Bizim olduğumuz köy Din Ülkesine birkaç saatlik yoldaydı.Ancak Ay ülkesinede yakın olduğumuz için etrafımıza 10'a yakın zindan vardı.
Bizede bunların arasından önce en güçsüzünden,sırayla gücünü yükseleterek eğitim verirlerdi.Günümüz böyle geçerdi
Ta ki O gün geleseye kadar .
Normal bir gündü.Gece olduğunda zindandan dönüyorduk.
Arkadaşlarımızla şakaşarak,yarın ne yapacağımızı konuşarak köyümüze gidiyorduk fakat birkaç saniye sonra bu gülüşler soldu.
Çünkü köyümüz yangın içindeydi ancak kimse söndürmeye gitmedi çünkü yangın bir savaştan dolayı çıkmıştı.
Etraf Şeytanlarla doluydu.Siyah,kırmızı derili,gözü dönmüş sadece katliam bilen canavarlardı.
Bazılarının boyları o kadar büyüktüki,köyümüzün en büyük binası olan kilisenin boyu kadardı.
Böyle canavlar ellerinde insan cesetleri ile etrafa yıkım getiriyordu.
''Anne,Baba''
Tek düşünebildiğim ailemdi.Hızlıca köye doğru koştum
Öğretmenimiz beni durdurmaya çalıştı fakat başaramadı.Köye daldım ve evimize gitmeye başladım.
''El,Gelme buraya ! Kaç,Git''
Babam amansızca Şeytanlarla savaşarak annemi koruyordu.Annem ise arkada belini duvara vermiş şekilde duruyordu.
''Baba!!''
''Gelme El.Gi-''Annem tam başka birşey söylecekken duvardan kırmızı bir el çıktı ve annemin göğsünü deldi.
Bom.
Arkadaki duvar patladı ve insana benzeyen bir Şeytan annemin kalbini söktü ve kalbini patlattı.
''Lizaa!!!!''
''ANNEE!!''
Babam çıldırmış gibi şeytana atladı ve onu ikiye böldü fakat arkadan başka Şeytanlar geldi ve onun üstüne çullandı.

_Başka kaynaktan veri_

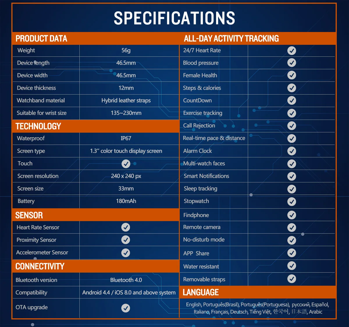 интеллектуальные часы оснащены цветным экраном IPS 1,3 дюйма, можно разобрать комбинированную ремешку (итальянский кожаный ТПУ малого рогатого скота), элегантный внешний вид и практический спортивный браслет, камеры, тренажёры, переговорные напоминания, чтобы обеспечить вам легкий образ жизни.Я могу помочь тебе. [функция] - 24 / 7 ритма сердца, кровяное давление, количество шагов и калорий, обратный отсчет времени, здоровье женщины, отказ от звонка, слежение за движением, скорость и расстояние в реальном времени, уведомление смартфона, слежение за сном, секундомер, Findphone, будильник, различные панели часов. .внешний вид, используя благородный и изящный дизайн, функционально увеличивает функцию охраны здоровья женщины, может быть в подарок матери или жене.Конечно, это нейтральные часы, доступные как мужчинам, так и женщинам. [совместимость] - - эти 3d - шаговые часы BT 4.0 совместимы с Android 4.4 / iOS 8.0 и выше.У него есть удалённая видеокамера, которая позволяет вам записывать на дороге красоту вокруг, 7 дней в течение длительного времени, чтобы сделать ваш опыт более удобным. эффективное обслуживание - наш магазин уважаемых услуг в течение первых 24 часов предоставляет высококач

Ağlamaktan başka birşey yapamıyordum.
Şeytanlar beni sonunda fark etmişlerdi fakat ben hareket edecek gücü kendimde bulamadım ve yere yığıldım
Bir şeytan üstüme atladı.O sırada belkide ölümün o kadar kötü olmayacağını düşünmüştüm fakat beni altın bir kalkan sardı ve havada sürüklemeye başladı.
''Arındır.''
Devasa bir haç havada belirdi ve Köyümüze saplandı.Bütün Şeytanlar feryat ederek ölmeye başladılar.

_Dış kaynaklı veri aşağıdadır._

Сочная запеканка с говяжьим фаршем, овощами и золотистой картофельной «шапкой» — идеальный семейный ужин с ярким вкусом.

''Üzgünüm yavrum.Zamanında gelemedik.''Rahibeye benzeyen bir kadın beni kucağına aldı.Ancak ben ona boş gözlerle bakıyordum ve sonra bayıldım.

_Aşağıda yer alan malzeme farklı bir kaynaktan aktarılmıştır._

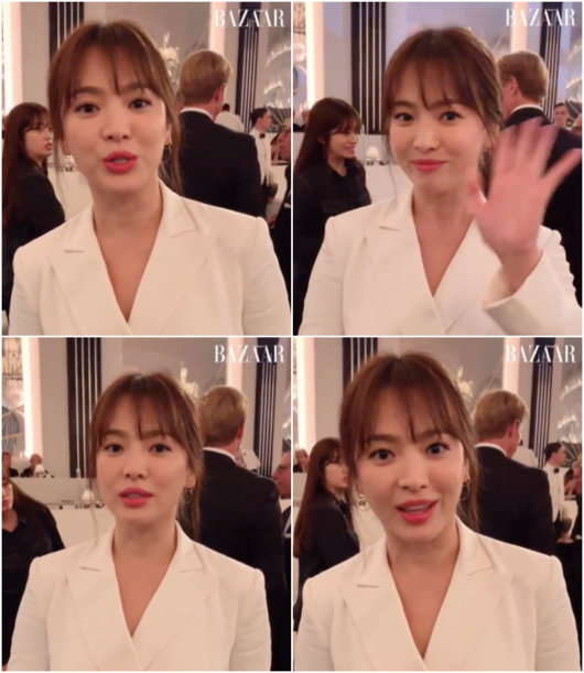 송혜교는 흰색 슈트 패션을 완벽하게 소화하며 특유의 단아하면서도 고급스러운 분위기를 담아냈다. 우아한 매력이 더해진 가운데 변함 없는 ‘여신 미모’를 뽐내고 있었다. 송혜교의 변함 없는 미모가 돋보였다.

Tekrar uyandığımda beni o kadın karşıladı.
''Evladım.Biliyorum.Ailen artık senin yanında değil.Ancak böyle yaşayamazsın.''Rahibe kadın bana bir yaşam amacı vermeye çalışıyordu ancak ona boş gözlerle bir soru sordum
''Napmamı istiyorsun ? ''
Sanki bu soruyu bekliyormuş gibi ellerini çırptı ve sıcak bir gülümsemeyle bana cevap verdi.
''Bizden biri ol.Tanrıça inananlara asla kötü davranmaz.''
''Tanrıça ? ''
''Evet .Işık Tanrıçası.Işık Tanrıçası İnanlarının ailelerini diğer dünyada korur.Onları cennetlerin en güzel yerlerine koyar.Bizden biri olursan ailen diğer dünyada çok güzel hayat yaşar ve öldüğünde sende onlarla beraber olursun.''
Parmağını kaldırdı.
''Ayrıca.Aileni öldüren şeytanlardan intikam almak istiyorsun dimi.Bizden biri olursan onları yok ederek hem intikam alırsın.Hemde senin gibi başkarının olmamasını önlersin.''
Bu teklif o kadar cazibtiki bir çocuk için hemen kabul ettim.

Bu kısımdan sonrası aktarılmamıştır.